Application des peines et récidive : découpler cette idée reçue

Avant de prétendre contribuer au débat sur l’application des peines, il faut certainement en poser des bases claires. La récidive n’est pas le fruit pourri d’une application des peines qui serait par trop clémente ou laxiste, mais avant tout du tempérament criminogène d’une minorité d’individus. Sauf à redouter une utopie telle celle décrite dans le film de Steven Spielberg, Minority report, où le crime peut être arrêté avant qu’il ne soit commis, la classe politique devrait cesser de faire croire que le risque zéro existe. Il ne faut à l’évidence pas s’arrêter à ce constat mais admettre, non notre impuissance, mais les limites réalistes de toute action politique utile.

Quand la loi dévalorise la peine

Rechercher sans passion ni haine un système d’application des peines efficace, c’est tout d’abord redonner à la peine toute sa valeur. Pendant de nombreuses années, toute peine de prison ferme inférieure à un an prononcée par un tribunal ne donnait en principe pas lieu à incarcération.

Depuis la loi pénitentiaire du 24 novembre 2009 votée par la majorité actuelle, ce seuil en dessous duquel une peine de prison ferme n’a en principe pas à être exécutée a été porté à deux ans. Ce faisant, le législateur dévalorise le sens d’une peine de prison ferme qui n’est qu’une peine potentiellement ferme en dessous de deux années d’emprisonnement. Il serait plus sain de prévoir, par la publication de lignes directrices de peines - à l’instar des sentencing guidelinesanglo-saxonnes - des peines alternatives ou de prison avec sursis pour les affaires où sont prononcées aujourd’hui des peines de 1 à 2 ans d’emprisonnement ferme, et de réserver les peines fermes à ceux qui le méritent vraiment en les assortissant d’une mise à exécution systématique. On redonnerait ainsi à la peine de prison un peu de son sens et de sa gravité.

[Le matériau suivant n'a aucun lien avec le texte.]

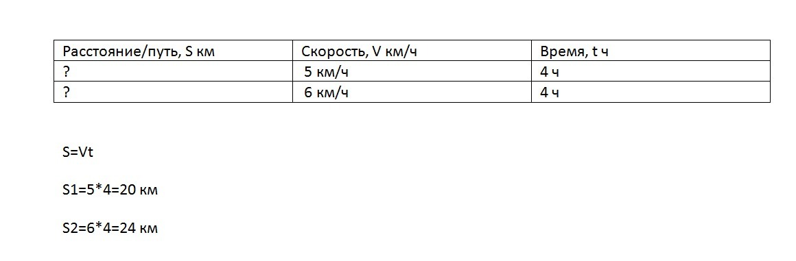 Первый пешеход шел со скоростью 5 км/ч, второй пешеход шел со скоростью 6 км/ч. Найдите пройденный путь каждого пешехода если они шли 4 часа.

Quels moyens pour la justice ?

Au-delà, l’application des peines est avant tout affaire de moyens. Moyens pour accueillir dignement les détenus en prison, dans un contexte de surpopulation carcérale qui ne fait rien contre la récidive, bien au contraire. Moyens pour la justice et les services d’application des peines ensuite, quand on sait que le budget consacré par la France à sa justice est inférieur de moitié à celui de l’Allemagne ou du Royaume-Uni.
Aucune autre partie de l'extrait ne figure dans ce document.